* Data listing
··········

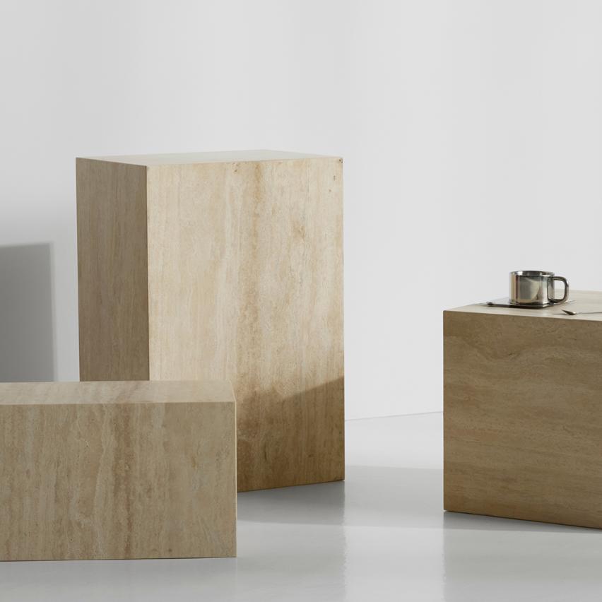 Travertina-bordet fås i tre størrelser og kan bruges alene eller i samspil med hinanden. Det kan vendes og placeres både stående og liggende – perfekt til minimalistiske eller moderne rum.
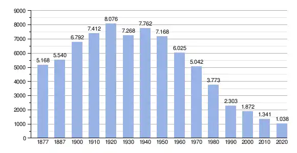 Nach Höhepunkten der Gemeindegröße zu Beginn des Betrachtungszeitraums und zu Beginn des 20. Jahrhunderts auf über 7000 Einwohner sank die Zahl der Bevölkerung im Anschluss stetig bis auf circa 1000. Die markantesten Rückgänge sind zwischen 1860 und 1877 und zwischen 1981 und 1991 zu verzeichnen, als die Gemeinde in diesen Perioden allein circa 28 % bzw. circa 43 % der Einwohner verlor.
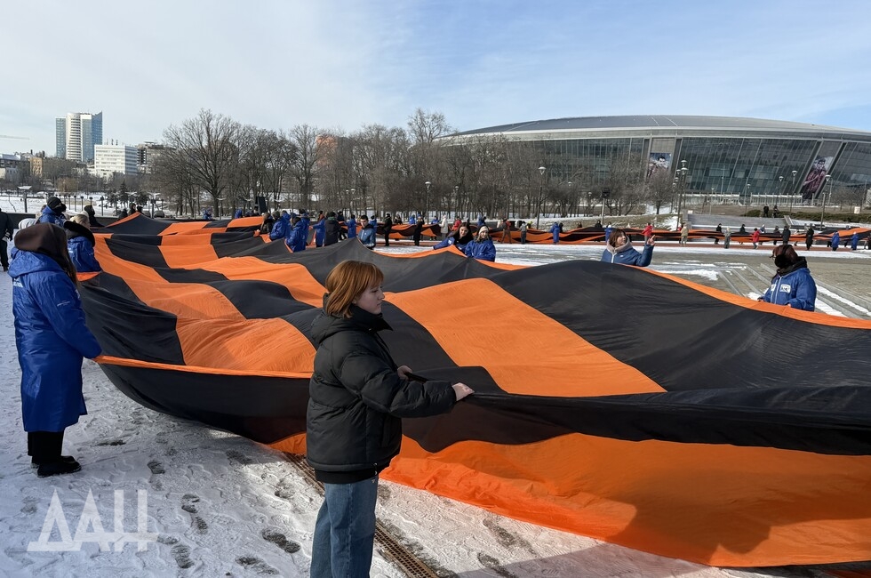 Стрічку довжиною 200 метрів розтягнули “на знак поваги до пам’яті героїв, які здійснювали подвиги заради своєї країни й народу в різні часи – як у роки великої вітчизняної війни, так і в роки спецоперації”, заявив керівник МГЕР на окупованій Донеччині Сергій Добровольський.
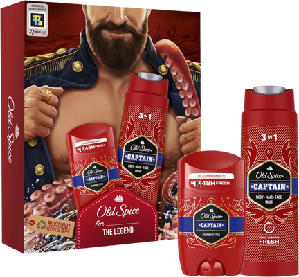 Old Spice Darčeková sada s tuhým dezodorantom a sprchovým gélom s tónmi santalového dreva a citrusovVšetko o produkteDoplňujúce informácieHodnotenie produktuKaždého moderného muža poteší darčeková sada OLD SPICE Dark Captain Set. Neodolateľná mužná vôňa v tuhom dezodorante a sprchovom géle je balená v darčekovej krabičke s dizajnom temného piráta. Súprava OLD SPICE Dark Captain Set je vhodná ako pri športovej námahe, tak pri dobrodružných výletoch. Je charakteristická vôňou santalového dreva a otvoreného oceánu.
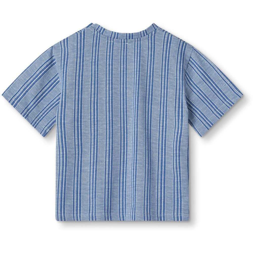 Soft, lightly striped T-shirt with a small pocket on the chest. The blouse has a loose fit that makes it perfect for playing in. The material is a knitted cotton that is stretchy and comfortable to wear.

··········

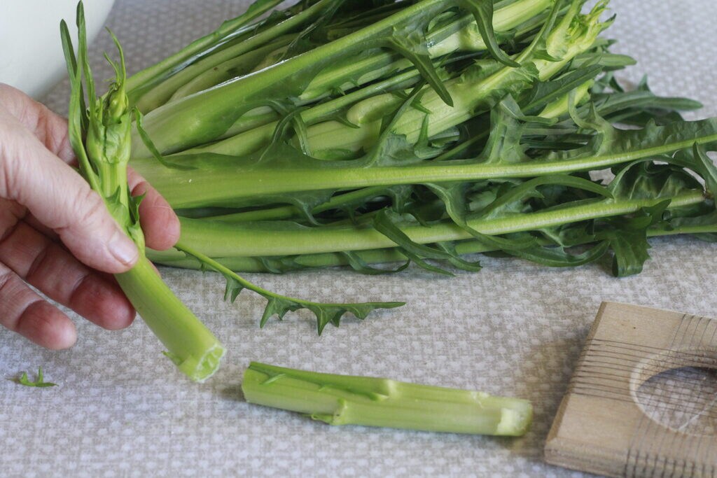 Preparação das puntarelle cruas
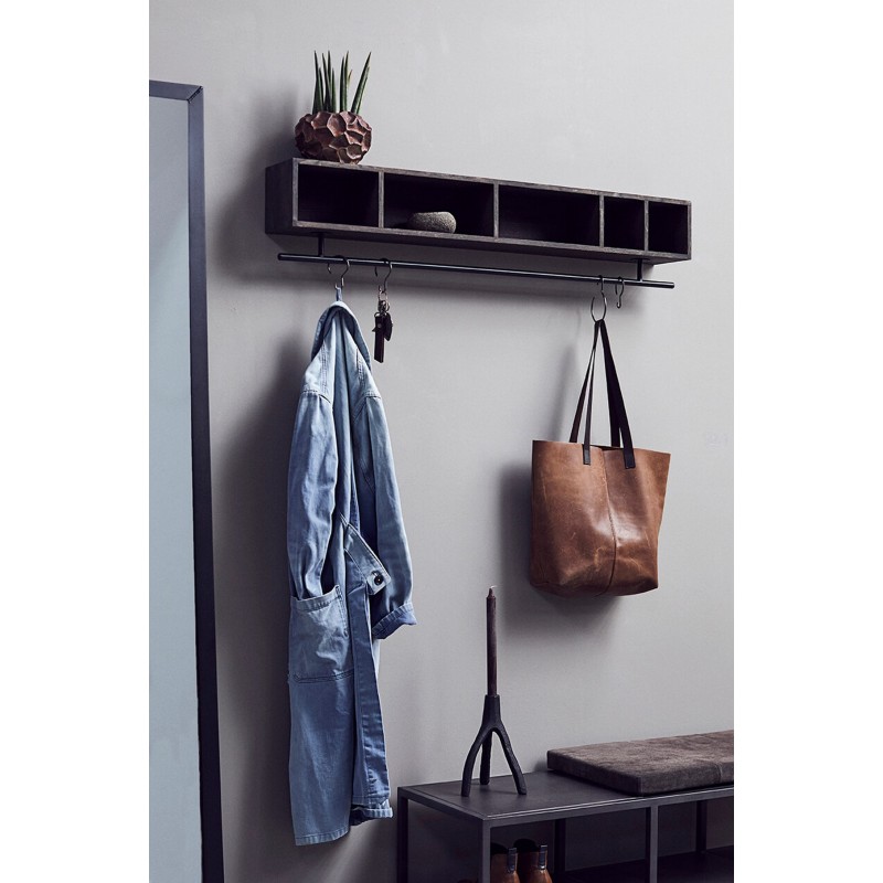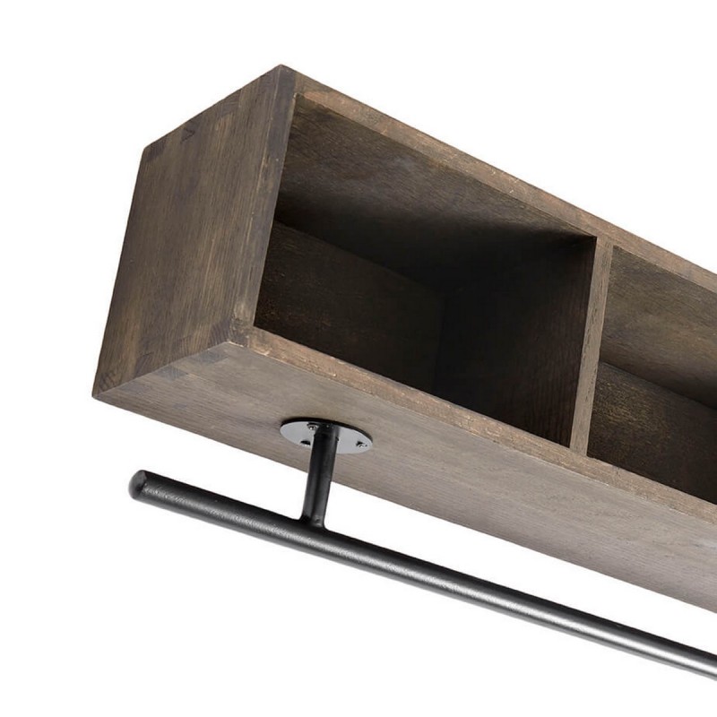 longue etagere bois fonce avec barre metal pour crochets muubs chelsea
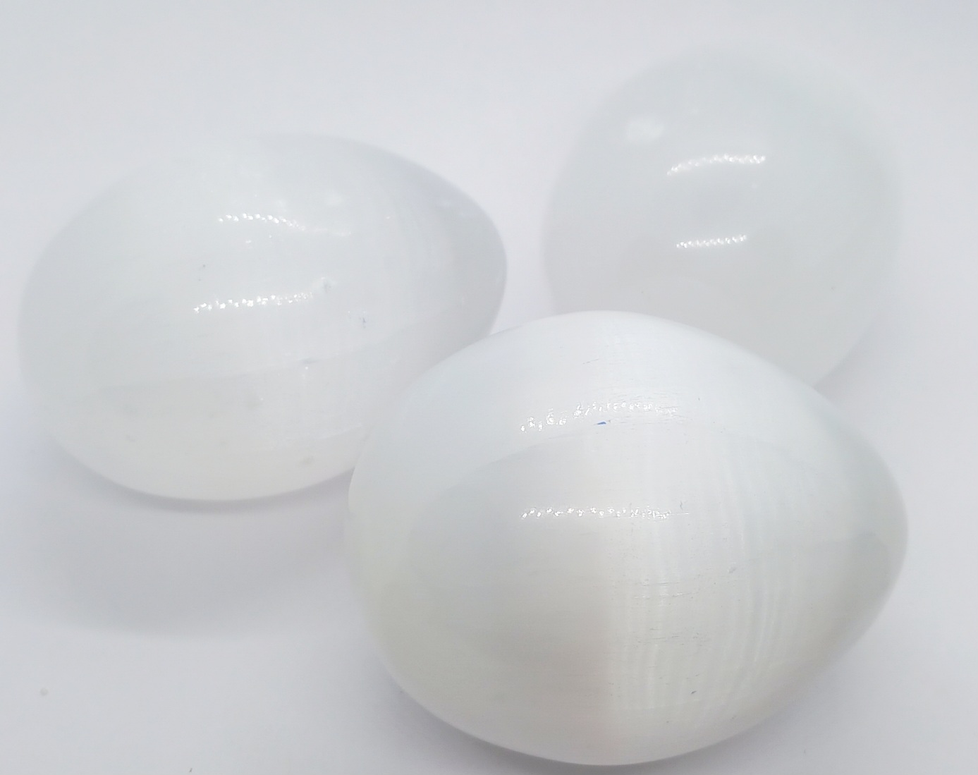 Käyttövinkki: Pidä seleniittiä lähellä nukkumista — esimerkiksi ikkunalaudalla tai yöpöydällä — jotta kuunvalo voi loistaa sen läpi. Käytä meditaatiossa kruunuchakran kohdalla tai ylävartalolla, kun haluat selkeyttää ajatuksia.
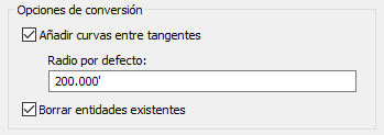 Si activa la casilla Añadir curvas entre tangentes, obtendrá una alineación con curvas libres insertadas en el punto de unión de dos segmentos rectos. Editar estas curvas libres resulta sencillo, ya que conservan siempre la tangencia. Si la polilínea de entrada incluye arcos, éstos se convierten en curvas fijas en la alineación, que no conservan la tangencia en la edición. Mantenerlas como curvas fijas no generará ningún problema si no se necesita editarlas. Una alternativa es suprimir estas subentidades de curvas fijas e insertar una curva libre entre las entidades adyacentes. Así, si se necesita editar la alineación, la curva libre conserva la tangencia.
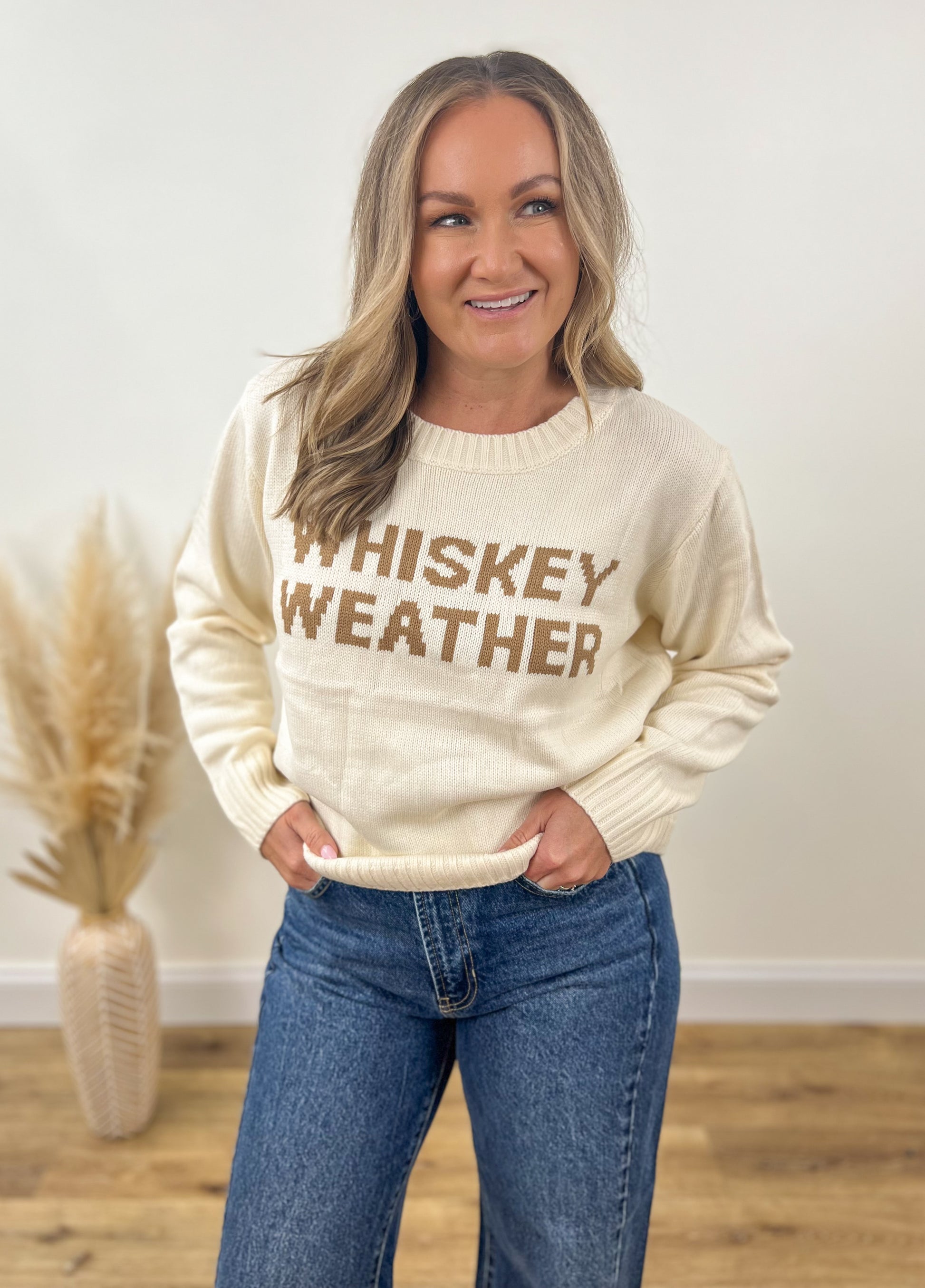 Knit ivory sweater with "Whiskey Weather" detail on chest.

··········

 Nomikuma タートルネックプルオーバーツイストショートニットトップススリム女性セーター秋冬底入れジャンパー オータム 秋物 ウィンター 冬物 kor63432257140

··········

* What the task asks
Output exactly the stretch of the listing that begins at the line containing "Travertina-bordet fås i" and ends at the line containing "Стрічку довжиною 200", both kept. Omit pictures and everything else.

* Result
 Travertina-bordet fås i tre størrelser og kan bruges alene eller i samspil med hinanden. Det kan vendes og placeres både stående og liggende – perfekt til minimalistiske eller moderne rum.
 Nach Höhepunkten der Gemeindegröße zu Beginn des Betrachtungszeitraums und zu Beginn des 20. Jahrhunderts auf über 7000 Einwohner sank die Zahl der Bevölkerung im Anschluss stetig bis auf circa 1000. Die markantesten Rückgänge sind zwischen 1860 und 1877 und zwischen 1981 und 1991 zu verzeichnen, als die Gemeinde in diesen Perioden allein circa 28 % bzw. circa 43 % der Einwohner verlor.
 Стрічку довжиною 200 метрів розтягнули “на знак поваги до пам’яті героїв, які здійснювали подвиги заради своєї країни й народу в різні часи – як у роки великої вітчизняної війни, так і в роки спецоперації”, заявив керівник МГЕР на окупованій Донеччині Сергій Добровольський.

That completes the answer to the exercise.